In the United States, entrepreneurship and innovation are part of our DNA. America’s experience, like many others, teaches us that fostering entrepreneurship is not just about crafting the right economic policy, it’s about creating an entire climate in which innovation and ideas flourish. While no two countries do it exactly the same way, there’s a common thread through all those that have succeeded in fostering innovation and entrepreneurship.

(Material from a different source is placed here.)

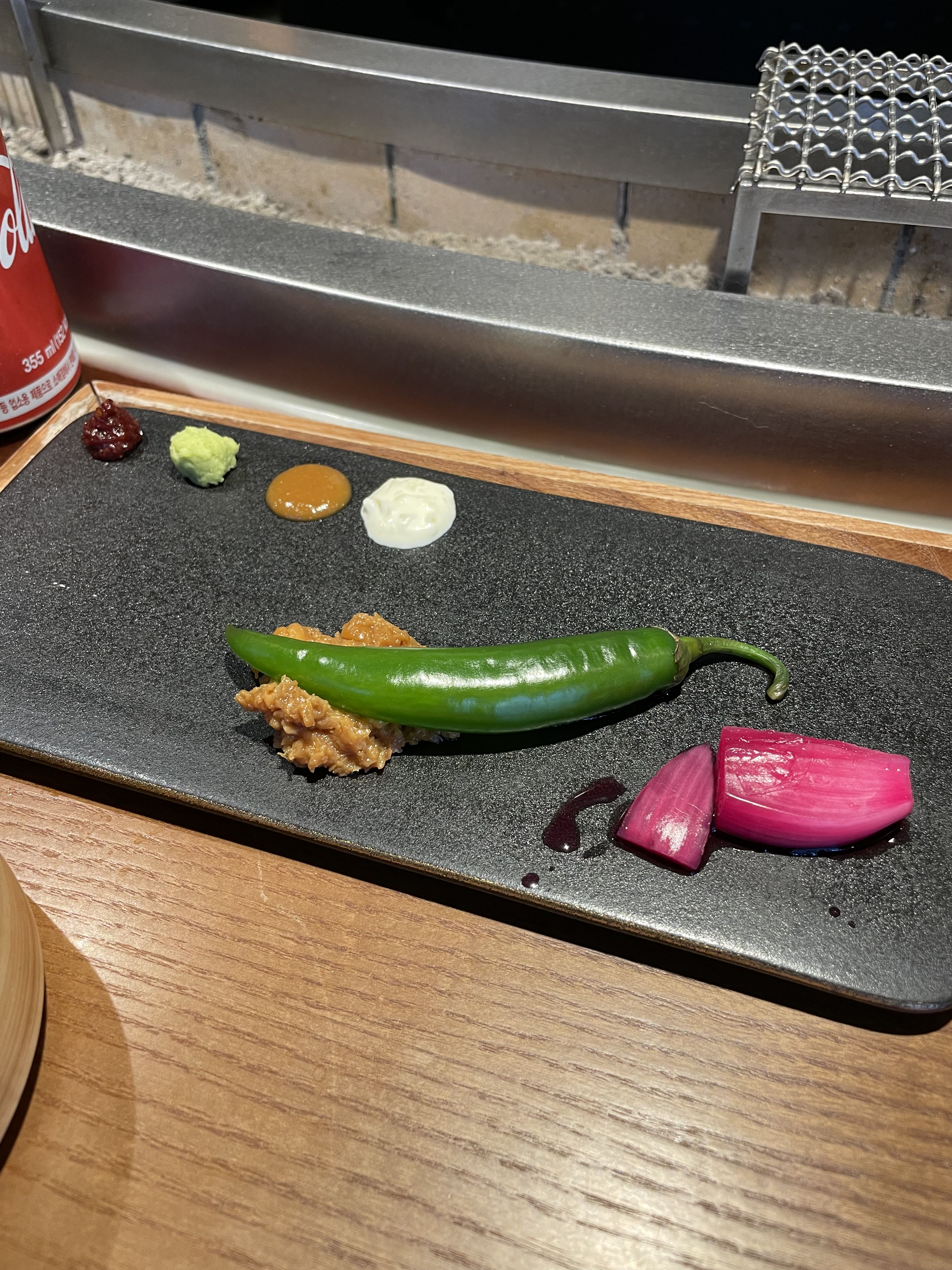 기다리는 동안 기본 반찬 및 소스가 세팅된 쟁반이 나왔어요. 소스는 왼쪽부터 매운 소스와 와사비, 초된장, 타르타르로 구성되어 있고요, 오른쪽에는 무 오로시도 준비되어 있어요.

It takes a legal system that is fair, transparent, and predictable. A system where the judges are not corrupt, where you know the contractual agreement you’ve made will be upheld and protected, where you can take a chance starting a business and bankruptcy doesn’t risk prison. It takes a system that protects and justly rewards the creators and owners of intellectual property. It takes a society that empowers women, because innovation and entrepreneurship thrive when a society engages its entire people, not just half. It takes an education system that is universal and trains people to be skeptical. And, it takes political systems with the rule of law and protection of civil liberties.

Yet, despite these strengths of the “American brand,” we can’t assume that other countries will adopt our free, open economic model and our values. The major question facing both the United States and the region is where do we go from here?

I believe the United States and the other economies of the Asia Pacific will continue to grow and prosper together. That’s the future we can build together. But it depends on wise leadership that reinforces our values, reflected in the “American brand” that I’ve described above. That is why all of our economic policies in the region – from TPP to APEC, to the Lower Mekong Initiative, to supporting ASEAN, to our bilateral work with key allies like Korea and the Philippines and new partners like Indonesia – promote those values. America’s engagement with the Asia Pacific reflects the simple fact that the United States is a Pacific nation. Our work supports security and prosperity, which are inherently linked and inseparable. Our commitments to these goals, while not always headline grabbing, are longstanding and have stood the test of time.